Ask Me About Islam said something back, Read Deuteronomy said something back, Grown-Ass Man said something back, White Fool in a Pinstripe Fedora (me) said something back, and now there were four grown-ass men arguing about religion, and arguing about arguing about religion, at the back of an otherwise silent, crowded bus rumbling towards downtown St. Paul at the height of rush hour. All around us, people held their faces in their hands, slowly shaking their heads. This was not what I was looking for when I took Ask Me About Islam’s t-shirt up on its (apparently merely rhetorical) offer to have a wonderful dialogue about the wonders and mystery of the peace and love and kindness and goodwill that religion can spread among the variously hued peoples of God’s blessed, abundant earth.
“F*** this,” Ask Me About Islam said, “I’m moving. I’m not keeping company with sinful, wicked men.” He huffed off to the front of the bus. I stifled a laugh. My heart was racing. The argument died down a bit as Read Deuteronomy and Grown-Ass Man and I discussed the African origins of humanity, how religion makes us feel, and which books and authors each should read in order to get a clue (Colors and Templeton, respectively). Fist bumps of respect were exchanged.
Grown-Ass Man got off the bus, still fired up. “Read Colors!”
Read Deuteronomy and I spent the rest of the ride discussing Ask Me About Islam, Read Deuteronomy’s PTSD from Viet Nam, computer software, our fathers, and the changing landscape of St. Paul since the 1960s. The conversation turned more manageable.
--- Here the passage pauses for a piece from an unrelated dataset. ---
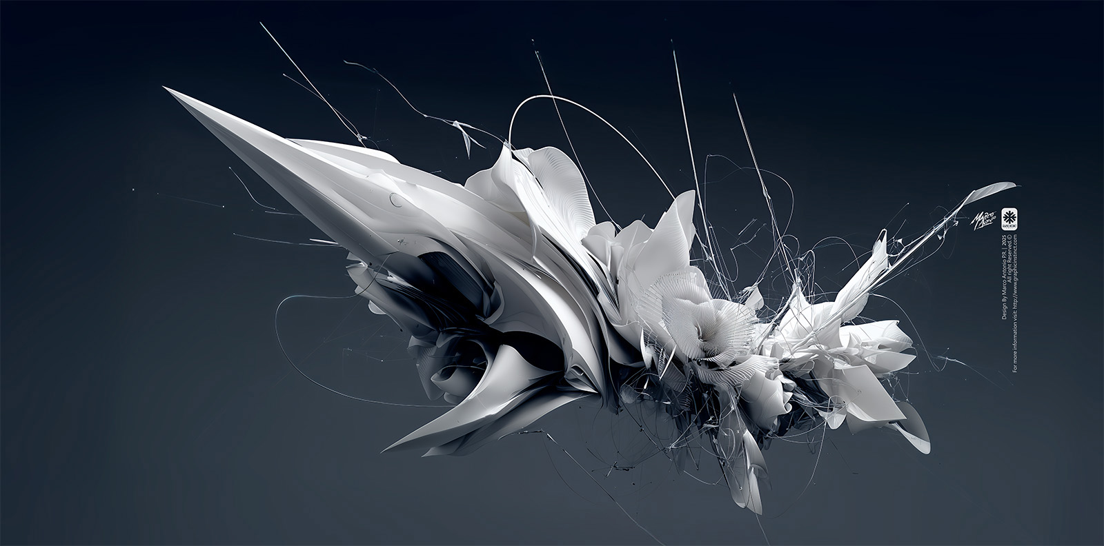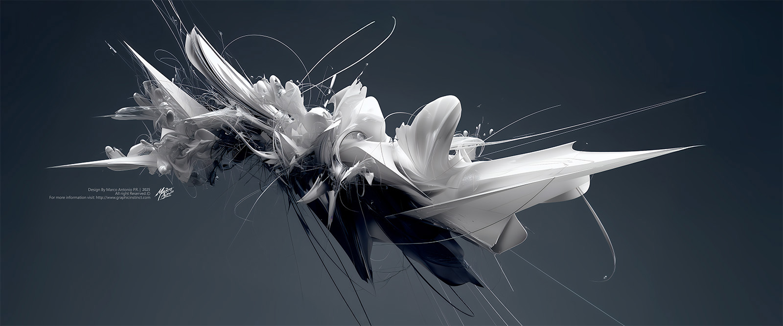 Artistically, this piece resonates with the aesthetics of Bio-futurism and Abstract Expressionism, albeit translated into a digital medium. The complex, interwoven forms recall the organic fluidity found in works by Ernst Haeckel, while the chaotic yet controlled energy echoes the brushstrokes of Jackson Pollock. The digital rendering allows for a precision and smoothness that traditional media might struggle to achieve, highlighting the unique capabilities of contemporary art forms. The stark contrast between the sharp, almost crystalline elements and the softer, flowing forms creates a captivating visual tension, reminiscent of the Baroque period’s dramatic chiaroscuro, reinterpreted through a modern lens. The overall composition, with its central explosion of forms, guides the eye through a journey of discovery, revealing new layers and details with each observation.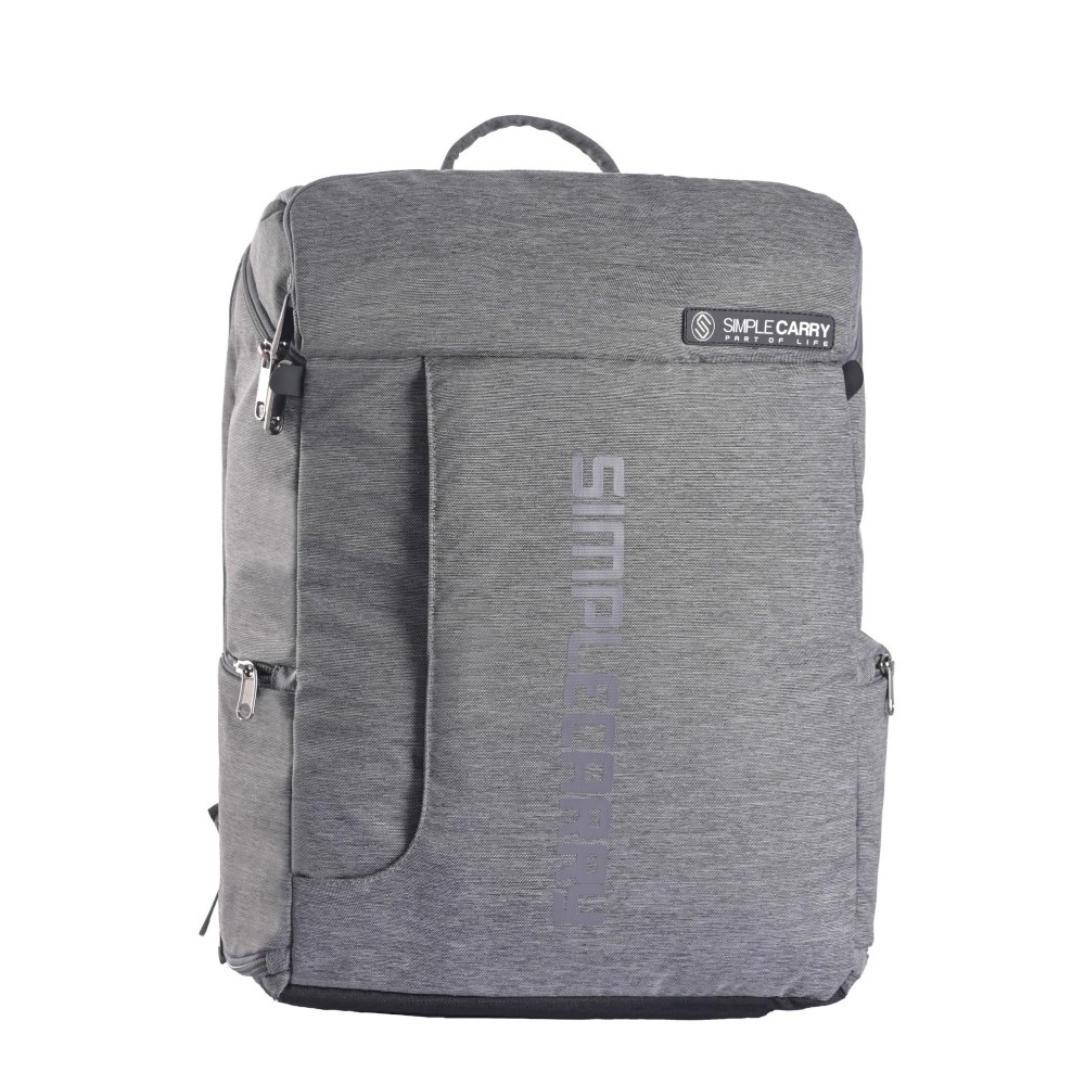 - Ngoài ra còn có 2 ngăn phụ mặt trước, phía trước và bên trên của ba lô đính logo thương hiệu SimpleCarry. Bên hông là ngăn đựng nước.

Only two other people, a lady who hadn’t witnessed the earlier sideshow and the driver, remained on the bus by the time it reached the depot, the end of the line. The lady asked us all for some walking directions. The driver and Read Deuteronomy graciously gave them to her.
Read Deuteronomy and I shook hands, exchanged real names, and wished each other a nice evening.
I’m still laughing. Oops.
Anybody got a biblical passage to shed light on this? Or a passage from the Quran? Or anything? Bueler? Bueler?